(1343-1400) The Greatest English Poet of the Middle Ages
Chaucer is widely acknowledged to be the father of English literature, and his best known work, the Canterbury Tales (Image 1), describes a group of pilgrims telling stories whilst making their way to visit Becket’s shrine at Canterbury cathedral. Across the modern city, Chaucer’s name is widely associated with hotels (Image 2), exhibitions (Image 3), a college (Image 4), a hospital and businesses (Image 5). Street name associations abound – in addition to Chaucer Road, Chaucer Close and Chaucer Mews, we find Wife of Bath Hill, Pardoner’s Close, and many others linked to character appearing in the Canterbury Tales.

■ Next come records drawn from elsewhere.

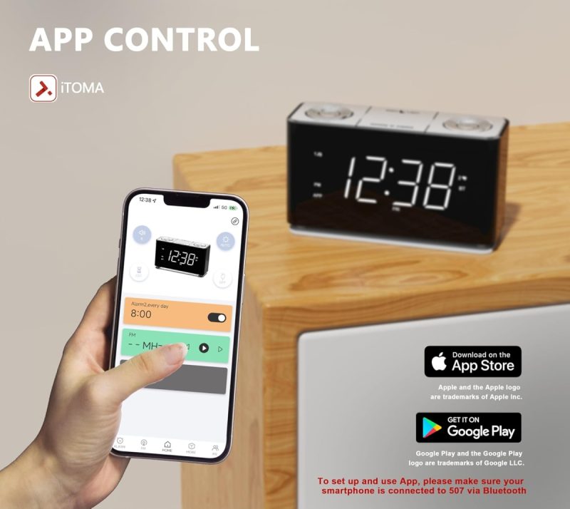 Experience crystal-clear sound: The iTOMA Clock Radio delivers exceptional audio quality, ensuring you wake up to your favorite tunes or radio stations with clarity every morning.
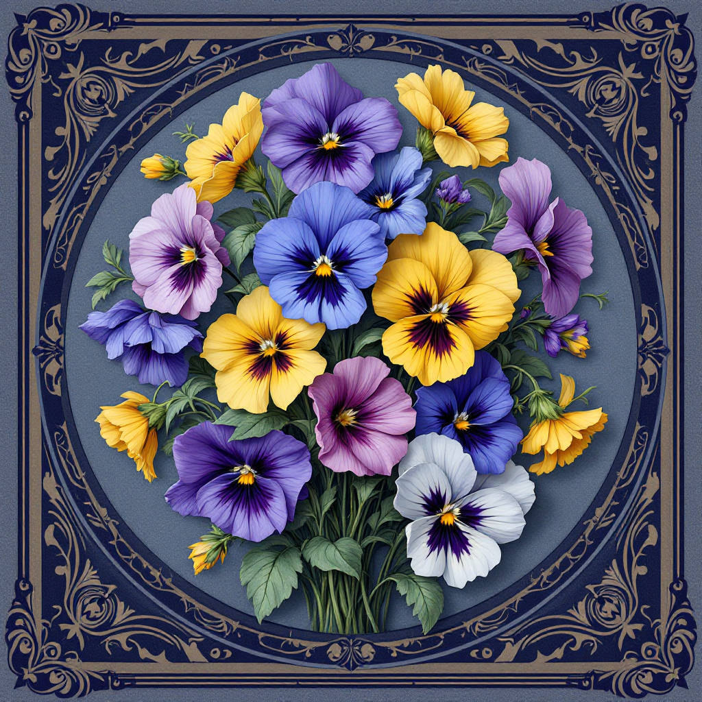 COUPON BOUQUET PENSEES CADRE PURPLE 20X20 - tissu 100% coton
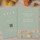 Boho chic blomster höst sagegrön bröllopsinbjudan med akvarell vildblomma äng handmålade blommor. Denna eleganta sagegröna bröllopsinbjudan med RSVP bröllopswebbplats QR-kod, en fantastisk blandning av höstlig charm och elegant sofistikering. Denna akvarelldesign visar handmålade vildblommor i en livfull trädgårdsäng, med en rik palett av bränt orange, terrakotta, brunt, lila, gult, korall, bränt umber, persika och mjuk rosa, som fångar värmen och skönheten i höstsäsongen på en sagegrön bakgrund.
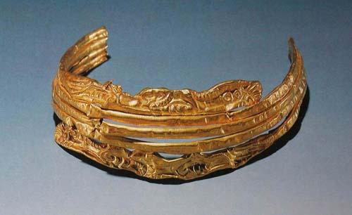 汉代吐鲁番的车师贵族也比较喜欢具有“野兽风格”的黄金饰品,1996年考古人员在吐鲁番市交河故城沟西墓葬中,发现的装饰虎纹的金冠(中图)、虎纹金戒指、牛头形金牌饰都反映了这种草原文化。
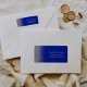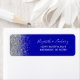 Le bord gauche de cette élégante étiquette d'adresse de retour mariage moderne présente une fausse parties scintillant argentée. Le texte personnalisable combine écriture blanche, copperplate et polices italiques sur un arrière - plan bleu royal.
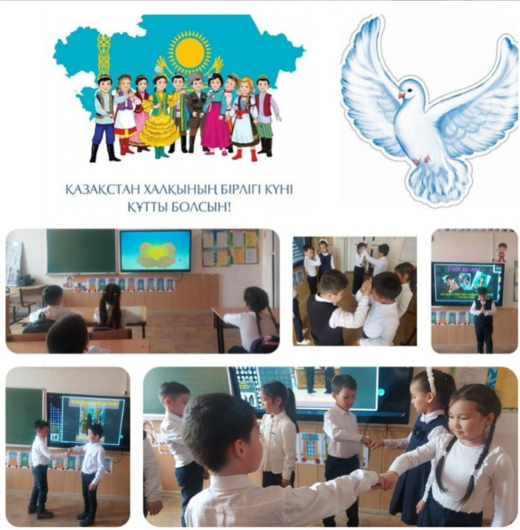 2"А" сыныбында "Ынтымақ- достық кепілі "тақырыбында тәрбие сағаты өтті. Оқушылар әр ұлттың сәлемдесумен танысып ,халықтар достығы туралы бейнежазба тамашалады. Мақсаты: Қазақстан халқының бірлігі күні екенін оқушыларға жеткізу.Ұлы қазақ даласында басқа ұл
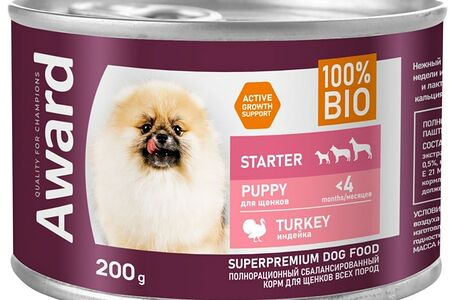Влажный корм для щенков Award с начала прикорма до 4 месяцев и для беременных Паштет из индейки 200г доставка
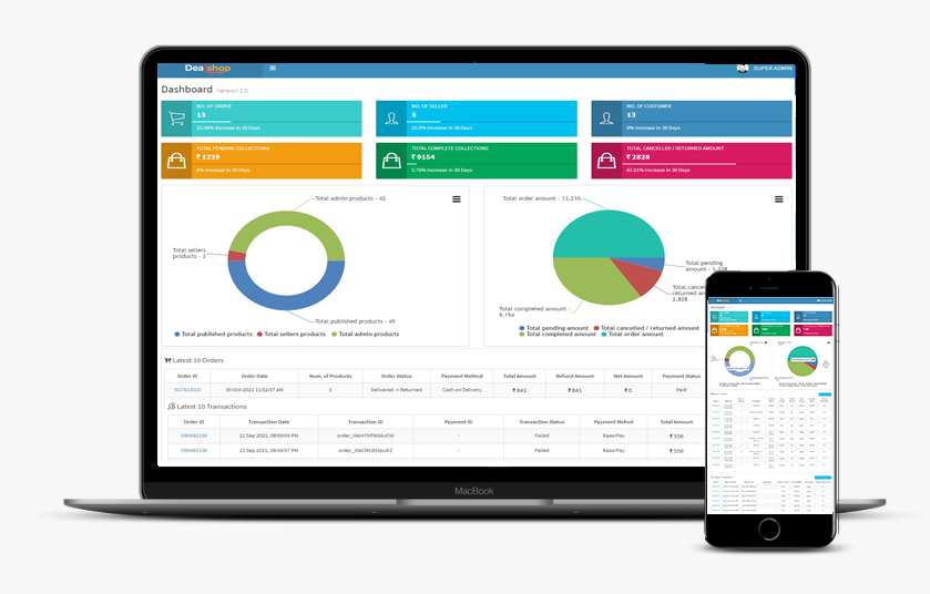 Admin will have access to all modules and from panel admin total how many products are listed how many orders recieved and total number of seller's products are registered.
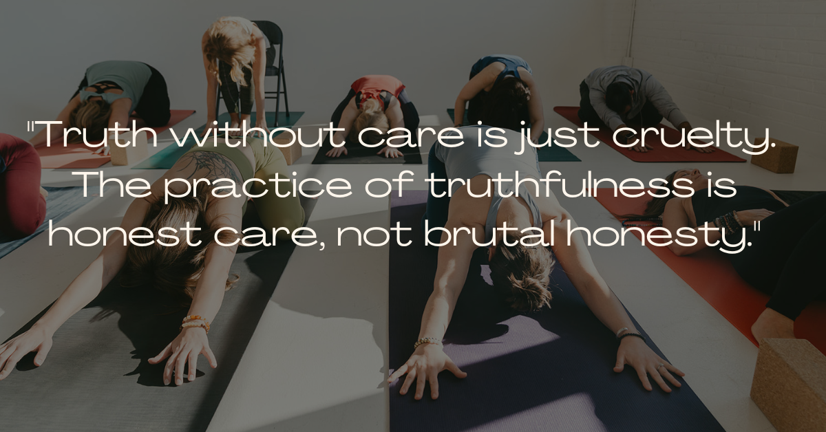The Sutras also offer an important constraint on satya. Patanjali teaches that truthfulness must be held alongside ahimsa, non-violence. Truth without care is just cruelty. The practice is not brutal honesty. It is honest care.
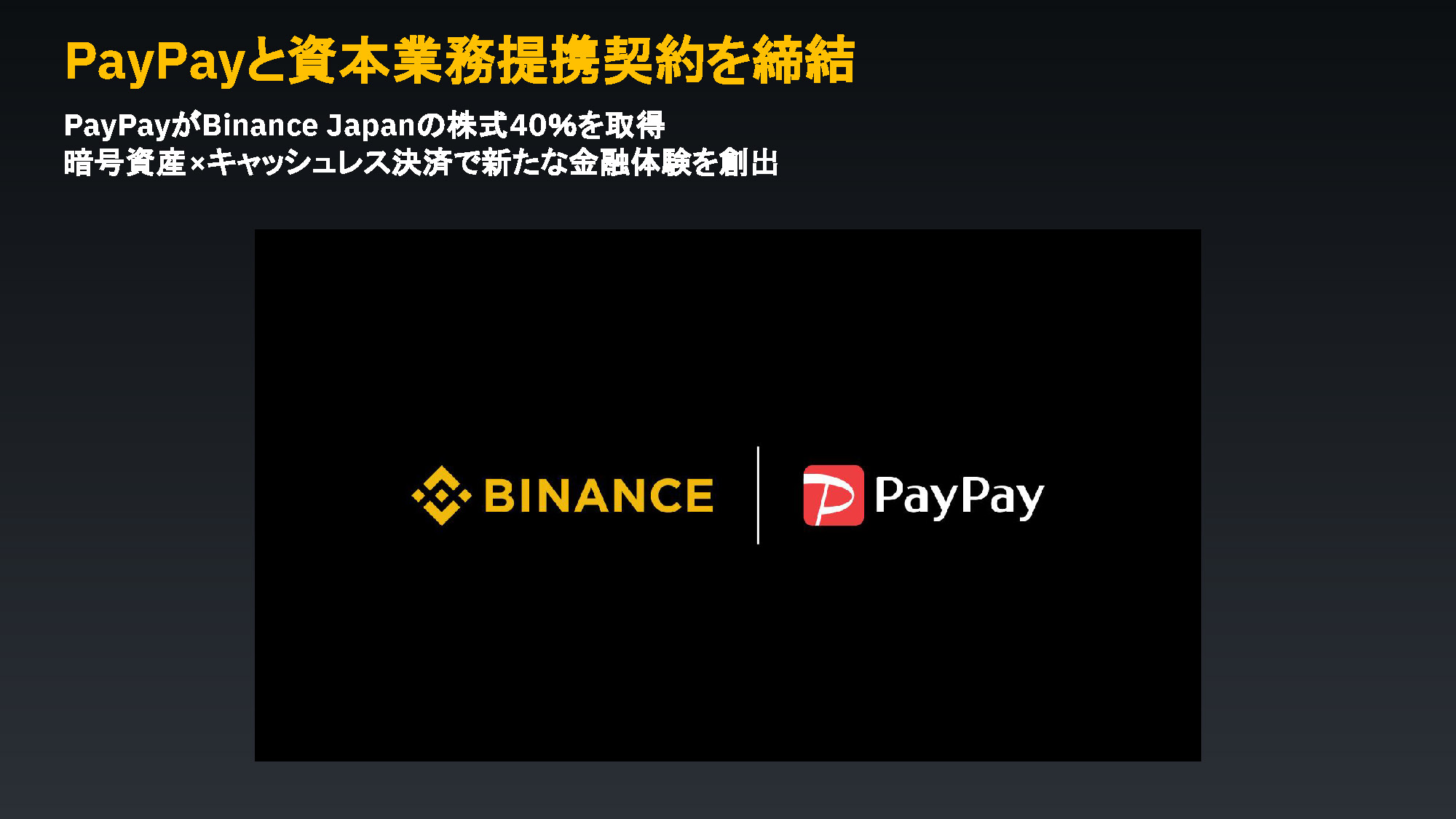 ところでBinance Japanは昨年、2025年10月にPayPayと資本業務提携を行い、PayPayがBinannce Japanの株式の40%を取得している。この一環で、11月からはBinance Japanにアカウントを持っているユーザーであれば、PayPayマネーかPayPayポイントを使って直接、暗号資産が購入できるサービスを提供している(画面4)
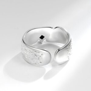 S925 Sterling Silver Ring Opening Adjustable Tin Foil Texture Ladies Ring
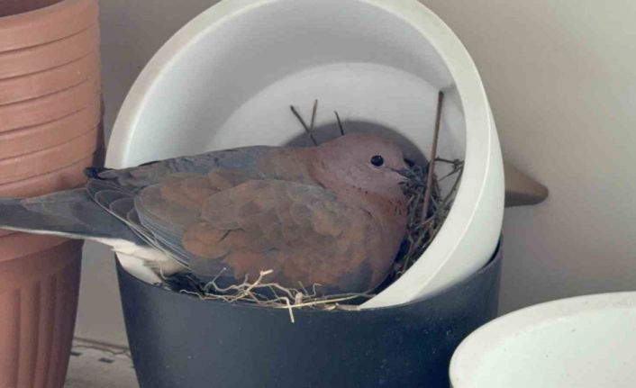 Olay, Bahçeşehir Bağlantı Yolu üzerindeki bahçe ürünleri satışı yapılan bir işletmede yaşandı. Dükkanın dış kısmında sergilenen bir saksının içine kumru yuva yaptı. İşletmeden saksı almak isteyen vatandaşların fark ettiği yuva üzerine işletme, saksı satışını geçici olarak durdurdu.
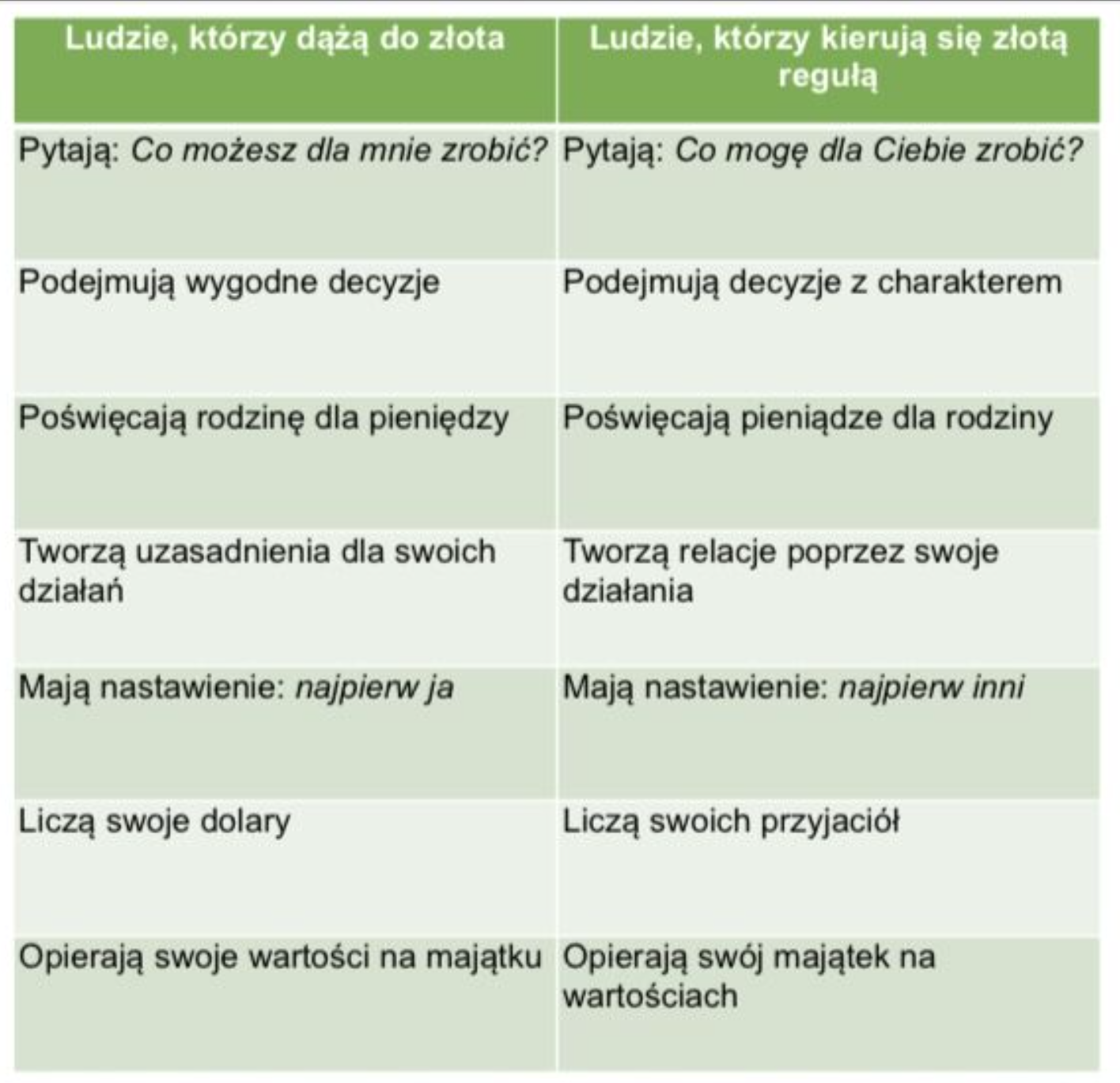Jeden z przedsiębiorców i i autor bestsellerów poproszony przez wydawnictwo o napisanie książki pt. „Etyka w biznesie” odmówił. Powiedział, że nie istnieje coś takiego jak etyka w biznesie, istnieje po prostu etyka. Jednym z naszych problemów jest to, że etyka nigdy nie jest kwestią biznesową, społeczną, ani polityczną. Zawsze jest to kwestia osobista. Przeprowadzono ankietę wsród przedsiębiorców, gdzie pytano o to, jakich ludzi chcieliby zatrudniać. 80 % ankietowanych na pierwszym miejscu postawiło uczciwość. Jeremy Farmer, weteran działu kadr w Bank One w Chicago, powiedział, że w jego firmie w większym stopniu bierze się teraz pod uwagę etykę w czasie rekrutacji pracowników. A organizacje zajmujące się prognozami rynku, już od wielu lat, wartości przedstawiają jako kompetencje przyszłości. Zatrudniamy ludzi z powodu ich umiejętności, ale zwalniamy z powodu wartości. Wydaje się, że filozofowie, teolodzy, nauczyciele, prawnicy nadmiernie skomplikowali temat etycznego zachowania. Podczas gdy wystarczy, że będziemy trzymać się jednej tylko zasady we wszystkich kwestiach etycznych. Ta zasada to tzw. Złota Reguła. Brzmi ona: Traktuj innych tak, jak sam chciałbyś być potraktowany. Etyka wiąże się z działaniem. Jest aktywnym czasownikiem. Nie musisz znać niuansów filozofii czy prawa. Wystarczy, że po prostu wyobrazisz sobie siebie na miejscu innej osoby. Nawet małe dziecko potrafi to zrozumieć. Dostrzeganie wartości innych nie dlatego, że potrafią coś zrobić, ale po prostu dlatego, że są ludźmi, jest fundamentem złotej reguły. Złota reguła zaczyna się od Ciebie. Traktuj innych tak, jak sam chciałbys być potraktowany.
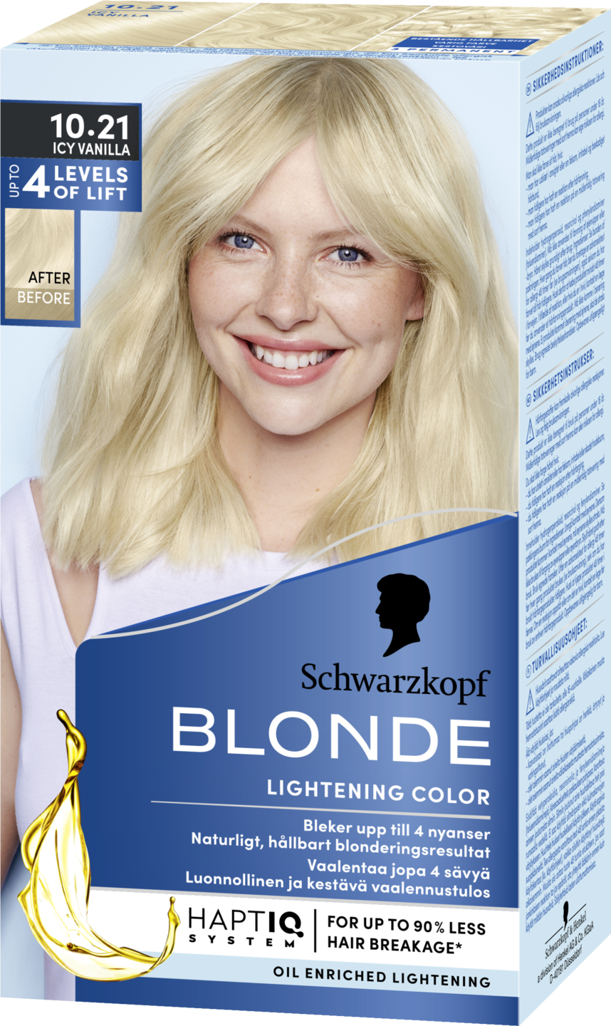 Schwarzkopf 10.21 Icy Vanilla – vaalentava hiusväri kirkastaa hiuksia jopa 4 astetta ja luo viileän huurteisen sävyn hiuksiin.
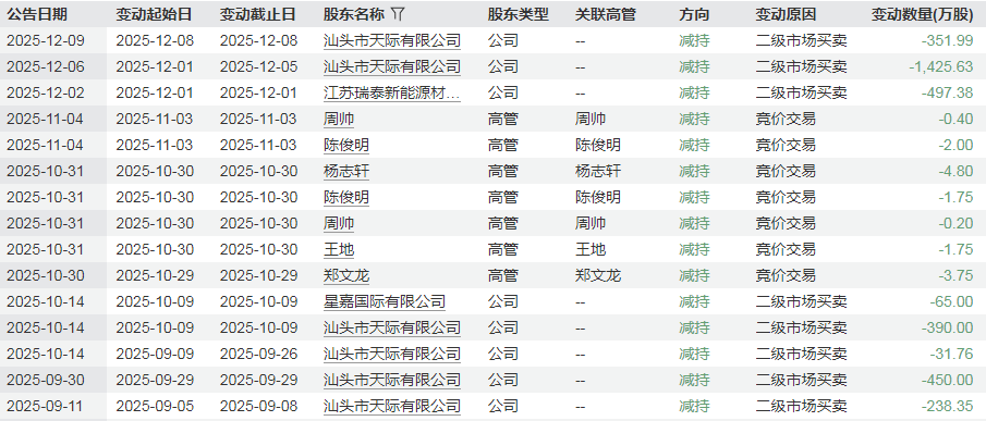 根据公告,12月1日至12月5日,汕头天际通过集中竞价方式减持天际股份1425.63万股,减持比例为2.84%;12月8日,汕头天际再次通过集中竞价方式减351.99万股,减持比例为0.7%。
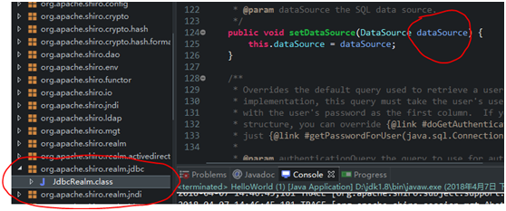 jdbcRealm.dataSource,用$相当于将dataSource对象引用过去。jdbcRealm点后的这个dataSource是下图中的setDataSource方法参数
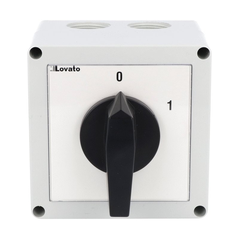 Commutatore Lovato a camme serie 7GN interruttore 3 poli da 40A in cassetta plastica 110X110mm con maniglia nera
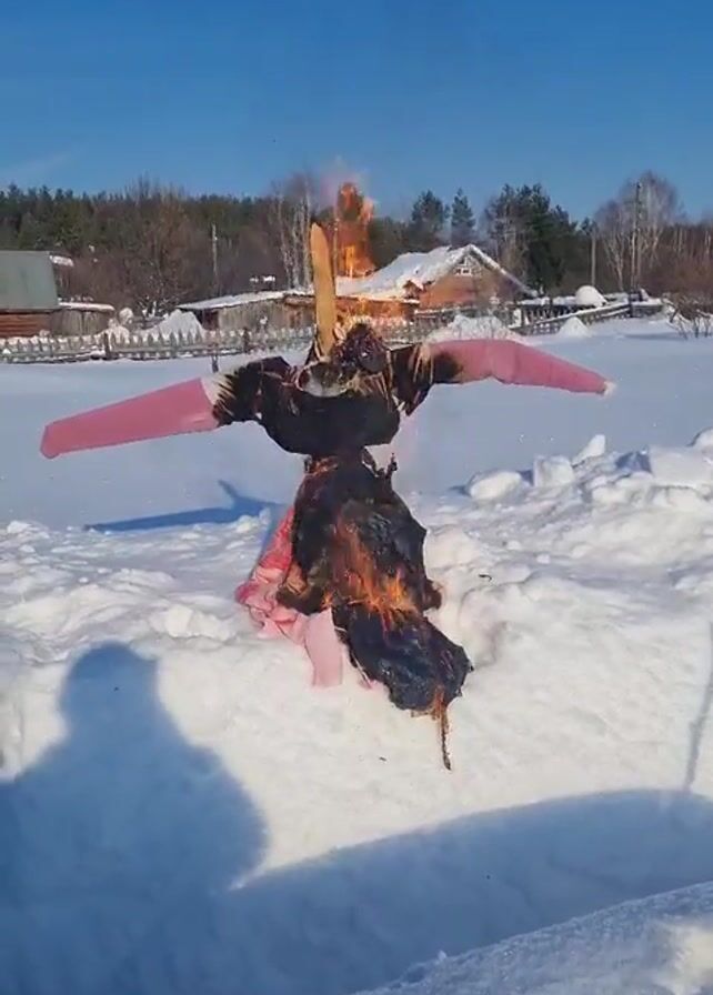 A fire consumes a doll-like figure with pink arm-like appendages that is standing upright in snow, against a backdrop of a rural scene on a bright, sunny day. The figure is heavily charred, with flames emerging from its upper portion. The ground is covered in snow, reflecting the sunlight. The background shows wooden structures, likely houses, some with snow-covered roofs. Trees are visible in the distance. The clear blue sky provides a stark contrast to the burning figure. A shadow of the person filming the video is visible in the lower left corner.

The city museum shows examples of pilgrim badges (Image 6) and necklace phials used for carrying supposed dilutions of Becket’s blood (Image 7) – both are mentioned in the Tales. No other individual name is stamped so indelibly on the face of the city.
Against this background, it is odd to find that unambiguous documentary evidence of Chaucer’s links to the city is hard to find. William Urry, academic and city archivist whose knowledge of local records was unmatched, concluded in his Thomas Becket his last days that “Chaucer and his party probably came [to Canterbury] in about 1385, at a time when the Becket pilgrimage had assumed the character of a tourist excursion”. The French historian Robert Foréville, a specialist in ecclesiastical history of this period, has suggested that Chaucer was amongst the large crowds who visited Canterbury for the 1370 celebrations which marked the 150 year jubilee of Becket’s translation (re-burial in the Trinity Chapel).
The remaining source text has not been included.